Democratizing Big Data
As mentioned in the introduction of this book, Gartner and industry experts maintain there are far too few data scientists to meet the current demand, and those that are available are expensive. This sets the stage for the emergence of “citizen data scientists” leveraging powerful big data analytics tools. This trend is part of the larger movement many call “democratizing big data”—the enabling of more and more business users to quickly access the data they need to perform analyses and enterprise reporting of their own making, independent of IT.
However, for organizations to move closer towards true “self-service BI” their data must be freed from their traditional silos. Decision makers, influencers, and even observers need a unified view of such data, and getting that has traditionally involved a number of highly labor- and therefore cost-intensive processes. One potential solution that organizations have explored is dumping data into a single, large “data lake” that holds tidal volumes of raw big data in its native format until requested.
Leave the Data Where It Is:
A Case Study of Data Democratization in Action
To truly “democratize” data, it is essential to leave it where it naturally resides, such as in the Hadoop platform. Then the only thing what would be needed is an intelligent layer above these many and varied data types that can transparently integrate all the data. Ideally a visualization tool, this top-down “smart” layer will provide everyone what they need—namely, a unified view of all data regardless of its source.
The democratization of big data and the ensuing benefits is illustrated in a fast-growing marketing analytics technology provider to major brands. Acquired by Neustar in late 2015, MarketShare helps marketers make better decisions more rapidly, offering both decision analytics and prescriptive recommendations to help clients optimize marketing spending. At the heart of MarketShare’s value proposition are data-driven recommendations leveraging big data analysis.
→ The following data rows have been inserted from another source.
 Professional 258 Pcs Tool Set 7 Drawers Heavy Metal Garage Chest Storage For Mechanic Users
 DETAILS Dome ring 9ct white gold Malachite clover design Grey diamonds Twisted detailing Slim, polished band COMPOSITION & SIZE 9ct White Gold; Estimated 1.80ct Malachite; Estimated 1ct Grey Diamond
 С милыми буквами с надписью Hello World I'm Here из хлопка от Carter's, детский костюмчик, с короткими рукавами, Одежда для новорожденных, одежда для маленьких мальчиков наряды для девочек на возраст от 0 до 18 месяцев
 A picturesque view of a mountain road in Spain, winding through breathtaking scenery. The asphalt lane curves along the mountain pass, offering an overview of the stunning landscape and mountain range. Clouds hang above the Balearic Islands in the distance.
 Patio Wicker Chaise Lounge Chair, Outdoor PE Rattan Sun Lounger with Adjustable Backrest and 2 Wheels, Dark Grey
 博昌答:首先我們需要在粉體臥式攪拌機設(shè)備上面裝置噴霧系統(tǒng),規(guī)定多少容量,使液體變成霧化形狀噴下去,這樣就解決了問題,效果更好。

After moving from MySQL to Hadoop, Neustar soon realized it wanted to provide dynamic rather than predefined reporting capabilities supplied by tools that more of their business analysts could leverage. For MarketShare, the set of “small data” tools it was using just didn’t work on big data. It would take MarketShare a full day and a half to develop customer-specific data sets then transform and load them into an Oracle database. Analysts then had to manually produce one-off reports, and then embed them into a cloud application for analysis—another day and a half process. The result was static, predefined reports instead of the highly dynamic type of reporting MarketShare wanted and needed.
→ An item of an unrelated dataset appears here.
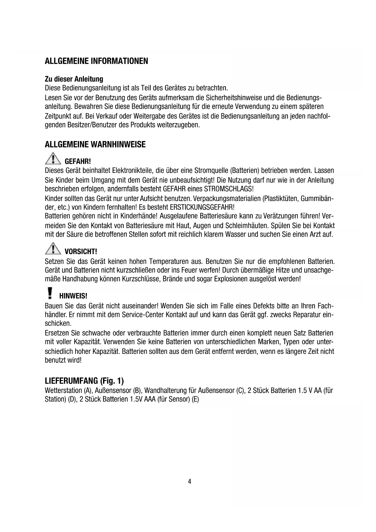 - Service og garanti Fig. 14 ALLGEMEINE INFORMATIONEN Zu dieser Anleitung Diese Bedienungsanleitung ist als Teil des Gerätes zu betrachten. Lesen Sie vor der Benutzung des Geräts aufmerksam die Sicherheitshinweise und die Bedienungs- anleitung. Bewahren Sie diese Bedienungsanleitung für die erneute Verwendung zu einem späteren Zeitpunkt auf. Bei Verkauf oder Weitergabe des Gerätes ist die Bedienungsanleitung an jeden nachfol- genden Besitzer/Benutzer des Produkts weiterzugeben. ALLGEMEINE WARNHINWEISE GEFAHR! Dieses Gerät beinhaltet Elektronikteile, die über eine Stromquelle (Batterien) betrieben werden. Lassen Sie Kinder beim Umgang mit dem Gerät nie unbeaufsichtigt! Die Nutzung darf nur wie in der Anleitung beschrieben erfolgen, andernfalls besteht GEFAHR eines STROMSCHLAGS! Kinder sollten das Gerät nur unter Aufsicht benutzen. Verpackungsmaterialien (Plastiktüten, Gummibän- der, etc.) von Kindern fernhalten! Es besteht ERSTICKUNGSGEFAHR! Batterien gehören nicht in Kinderhände! Ausgelaufene Batteriesäure kann zu Verätzungen führen! Ver- meiden Sie den Kontakt von Batteriesäure mit Haut, Augen und Schleimhäuten. Spülen Sie bei Kontakt mit der Säure die betroffenen Stellen sofort mit reichlich klarem Wasser und suchen Sie einen Arzt auf. VORSICHT! Setzen Sie das Gerät keinen hohen Temperaturen aus. Benutzen Sie nur die empfohlenen Batterien. Gerät und Batterien nicht kurzschließen oder ins Feuer werfen! Durch übermäßige Hitze und unsachge- mäße Handhabung können Kurzschlüsse, Brände und sogar Explosionen ausgelöst werden! HINWEIS! Bauen Sie das Gerät nicht auseinander! Wenden Sie sich im Falle eines Defekts bitte an Ihren Fach- händler. Er nimmt mit dem Service-Center Kontakt auf und kann das Gerät ggf. zwecks Reparatur ein- schicken. Ersetzen Sie schwache oder verbrauchte Batterien immer durch einen komplett neuen Satz Batterien mit voller Kapazität. Verwenden Sie keine Batterien von unterschiedlichen Marken, Typen oder unter- schiedlich hoher Kapazität. Batterien sollten aus dem Gerät entfernt werden, wenn es längere Zeit nicht benutzt wird! LIEFERUMFANG (Fig. 1) Wetterstation (A), Außensensor (B), Wandhalterung für Außensensor (C), 2 Stück Batterien 1.5 V AA (für Station) (D), 2 Stück Batterien 1.5V AAA (für Sensor) (E)5 DE/AT/CH p. 123
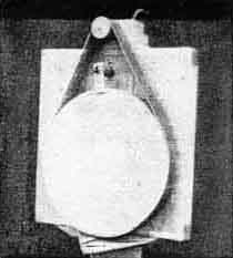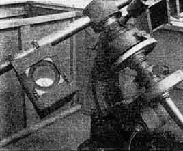 Mrs. Bessie M. Brownlow, 288 North Eighth St., Marshfield, Oregon, writes: "In perfecting the instrument shown in Figure 1, the Scientific American's book 'Amateur Telescope Making' was consulted freely and frequently. For the mirror a disk of commercial plate glass, 8" in diameter and 1/2" thick, was used. Grinding was done outdoors with the tool mounted on a deeply set post, and the time consumed was 8 hours, 5 minutes. "Applying the Foucault test, after a short period of polishing with the conventional pitch lap, revealed that I had developed a hyperboloidal figure. I could, of course, have reversed my disk and gone through the process of re- grinding, but instead I chose to rub out my error with rouge, and from that point forward I worked 'up-hill'. I poured a new lap and proceeded, but shall not attempt to explain at length the altering of facets and modification of strokes which were necessary before I was able to detect the shadows which told me that at last I had achieved a satisfactory parabolic surface. Final tests were made on Saturn and Vega with the mirror temporarily mounted in the tube, and even in its unfinished state the image was sharp and well defined." Mrs. Brownlow states that two sons assisted to the extent of devising the cell block and making the mounting, She also gives credit to Mr. H. B. Donahay, who had previously made two Newtonians, for his counsel. WE had always heard that H. E. Bussey of Atlanta was a wizard telescope maker who followed the hobby years before there was any "A. T. M.", but now it appears that the same household holds a wizaress as well. Figure 2 is a focogram of a mirror made by Mrs. Bussey, and Figure 3 is the ronchigram. The mere man in the case writes: "My wife had listened and looked in silence at 25 years of my efforts to make a good mirror. She said, some time ago, that if the materials were provided, she would prove that a woman could beat a man at it. I didn't like the way she said it, the man of course being myself, hence materials were immediately produced. I was not permitted to touch the mirror, except that in final figuring a 'pile of rocks' showed up in the central inch and I was permitted to use a small polisher to remove them, and of course I did this with careful supervision and copious advice from Mrs. Bussey. The mirror is excellent. A hair got across the film and looks like a scratch but there are none, and the central spot is the photographer's fault. I was the photographer " And Mrs. Bussey writes: "I realize that it would have been utterly impossible for me to have produced anything like as good a mirror if it had not been for the guidance I received,"-a graceful recognition, though we hate to publish it, preferring to believe that the ladies can do it without any help. In fact, we know one who could but, confound it, she won't. SOMETIMES we wonder just how important it is in the average case to test a mirror across different diameters. Once the test rack is adjusted so that the reflected cone strikes the most convenient place to do the testing, it is always a temptation to place the mirror on the rack with the same diameter up (usually determined by some landmark or blemish on the disk). This may have the unhappy result that some kind of flexure is accidentally masked, but it is human to take a chance, on the presumption that the figure itself is a surface of revolution and the flexure, if any, will sort of "unlax" if talked to in nice purring language-which it won't. From the depths of our stock drawer we fish up an old photograph, Figure 4 sent in 1928 by Mr. Henry H. Mason of Florida, since deceased. It is self-explanatory-a belt hung from a pulley, with a little crank for rotating the mirror. Before his death Mr. Mason was building a large (20"?) Cassegrainian and had a large Ritchey-type grinding machine. These remain at East Pensacola, Florida, a fact which may interest some southern amateur on the look-out for something that ought to be put into use. AS these notes are being written, on October 15, it is at last possible to say something a little less indefinite about that "new book" we have been promising for a year or so. At last we were able to get in all the many contributions and work them up into a single pile and this, when sent to the printer on September 18, made a manuscript of 860 typewritten pages. This is now being set in type and every day or two brings us a dozen more galley proofs to be corrected and sent to the authors to be again read and corrected. As there are just 47 chapters, some of them as long as many books themselves, all this is quite a "job of work" (try it and see). When will the book be ready? We still don't know, and if you are impatient please don't shoot the editor-he is doing his best We have set our hopes on being "out of the trenches by Christmas." Piloting a complex book through preparation is worse than rearing quintuplets, and this is a complex book-in addition to which there will be a lot of it-pretty close to the size of "A.T.M." and on the upper side at that. Here are some of the chapter subjects: Everest on his close mirror technic. (He was asked to set down "everything he knew," and this item should run to 30 pages of compact dope, all practical and definite. If you've seen some Everest mirrors you'll know what that means.) Chapter on use of sub-diameter tools. One on metal 3 tools. Another on metal mirrors. Warner on detecting astigmatized mirrors-a subtle game, this. One on the Zernike test, by Dr. Burch, English physicist. Huh-what's that test? It's a new one and mighty interesting. Selby on flat making-full, detailed dope. Clark on small lenses and eyepiece making-all practical and very detailed. Taylor on the metal parts for a refractor, likewise practical. Kirkham on rifle sights. Haviland on the refractor-the longest chapter in the book, about 40 pages uniform with those of "A.T.M." Chapter on making setting-circles. H. A. Lower on design of clock drives, with

The solution was a native visual analytics and BI platform for big data, which gave business analysts the ability to drill down into the raw data details on individual customer interactions. Overall, this solution eliminated labor- and time-consuming data extraction and data movement, allowing analysts to point directly to data stored in highly elastic cloud platforms like Amazon S3 for very fast ad-hoc visualizations. Business analysts now could create sophisticated reports on the fly by simply selecting client-specific parameters. This is vastly different from what MarketShare did previously when analysts waited and waited for data to be moved into the relational DBMS. As a result, reporting time and effort has been slashed from two full-time equivalents for three days all the way down to one full-time equivalent for a half-day.
Democratization To-Do List
The MarketShare experience also outlines the value proposition of an analytics-as-a-service solution, which can deliver very timely, relevant and insightful big data analytics but without the heavy costs of investing up front in infrastructure. Essentially all that is needed is big data— something most all organizations have plenty of.
Thus, in the interest of fostering this democratization of data and realizing the fuller potential of big data as a competitive tool used by non-IT business professionals, organizations should consider the following:
- Deploy solutions proven to enable access to new sources of data and new kinds of data as well, most notably big data in all its many forms and from its various sources of origin.
- Expand and leverage new analytics capabilities, in particular ones that can uncover new insights such as those derived from predictive and prescriptive analytics. Traditional BI tools are good at deriving insights from events that have already occurred, such as transaction data. Predictive analytics deliver insights into events and behaviors that haven’t even occurred yet, giving organizations an opportunity to respond a priori.
- Push relentlessly to expand the pool of business analysts exploiting and leveraging big data through advanced analytics tools, such as data visualization. A sort of “multiplier effect” in this regard can result in newfound business value from the one thing organizations have plenty of, and that is data.